The London Marathon, the word on everyone’s lips for two weeks prior to the actual day.
For me the road to London started back in August when I ran my first marathon. Never done one never thought about doing one and then I’m in one. No set time in my head, let’s just get to the finish. Crossed the line at 4 hours 17 minutes. Second marathon entered, Barcelona. Let’s see if I can actually break 4 hours. Crossed the line at 4 hours 14 minutes. Hard day at the office, hot and maybe my preparation was wrong.
London Marathon entered via a charity place with MACS. Myself and my mate Craig raising money so we can run in an iconic event.
So I travelled down on the Friday morningwith Glyn, Shawnie and Zoe listening to shocking music and listening to some of the stories from past London Marathons.

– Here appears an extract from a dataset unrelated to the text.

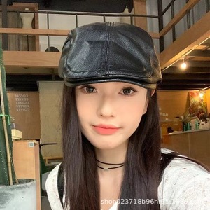 2025新型韓国版pu皮質ベレー帽女性男性のレトロな顔を見せています。
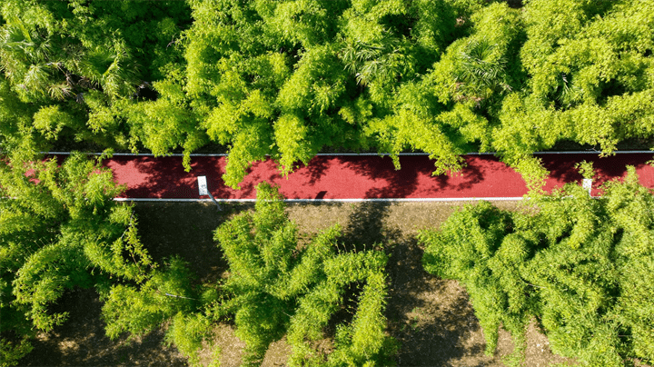 在观山湖区金阳北路一侧的绿化带中,有一条红褐色的步道如项链一般串起周边景致,中式古典文化园林景墙、休闲廊架、炫彩灯光墙等似五彩晶石点缀其间......人们在此锻炼、散步、观景,空气清新、环境清幽,令人怡然自得。

To say I am buzzing for it is an understatement. I feel good, I feel full of energy and I’m with friends who will share these same feeling with me in two days time.
I collect my number from the EXPO and now it seems real. Having a little chat with Craig about the world record marathon time and how someone’s body actually lets them perform to that standard.
Number collected now for food and rest. That evening and Saturday was spent resting and making sure I was hydrated and had a few good meals in me.
Race day, the big day. Up at 6am, coffee, water, food, race kit on. So this is it, I am about to take part in the biggest marathon in the world, one which I have watched so many times in TV. When we reach our designated area I give everyone a hug and kiss Zoe and wish my friends good luck.
I have a special surprise up my sleeve but only if I do something that I have not done before and that’s run a marathon in under 4 hours.
As I sit on the grass with Craig to rest that one last time I just new deep down to my bones I was going to have a good day. Something Craig always says to me before and event “ you will do it today mate” when he said that I new today was going to end with smiles.
At my starting area with a friend from work, who is running his first marathon. Having a chat and laugh about the past and this takes our minds off it. Then at around 10:20 we go and that’s it I am part of his huge event. As I run my own race I leave my friend after 3 miles, good luck mate see you later stay safe. As I run around London I see familiar faces from back home in the crowd. Big D i here from a distance which makes me laugh, thanks Rob. I can not describe the crowd around London, it was  amazing. I strongly believe that the crowd has a huge part in you getting to the finish line. One place that stands out for me is when I crossed tower bridge, I could feel the vibration from the crowd cheering and stamping there feet.
I found the 4 hour pacer at around 8 miles, I stayed with him till 23 miles. These men and women are just incredible. At 20 miles I passed Zoe, I didn’t see her but I heard a voice say oy Dawson, which my response was “ hello you sexy little bugger” a few ppl around us giggled. After a like conversation with Zo I said I felt good and at 23 miles I was going for it. At 23 miles I felt good, I had a sneaky look at my watch and a small grin came to my face. Let’s go Dawson let’s go and do this. As I ran around the last corner with 200 metres to go I looked at my watch and I new I have gone under 4 hours. The smile on my face was happiness, relief, monkey off my back and jubilation. Having that medal round your neck makes you feel so alive and happy.
My goal was achieved 3 hours 56 minutes. The special surprise I had up my sleeve was to ask Zoe to marry me. Thankfully she said yes. It was her 30th Marathon and my first under 4 hours, what a day to remember.
In the pub after “sorry coach” and after a few beers Craig said to me “ stop smiling” the thing is I couldn’t stop smiling, I was standing on top of Mount Everest with my friends Zoe, Shawnie, John, Craig, Gemma and Glyn.
A big thank you goes to Steve. You know what you do day in day out for yourself, your family and us your friends and team mates.
Thank you.

Breaking the 4-hour Barrier at London by Gemma Scott


It’s safe to say the 2 weeks leading up to London Marathon were difficult for me. Training hadn’t been going to plan due to lack of energy and having to make some drastic changes to my diet ahead of the big day to combat this. I had to train less something I am not good at doing & It was touch and go whether I would actually run on the Sunday. I had decided it would be a see how you feel over that weekend decision.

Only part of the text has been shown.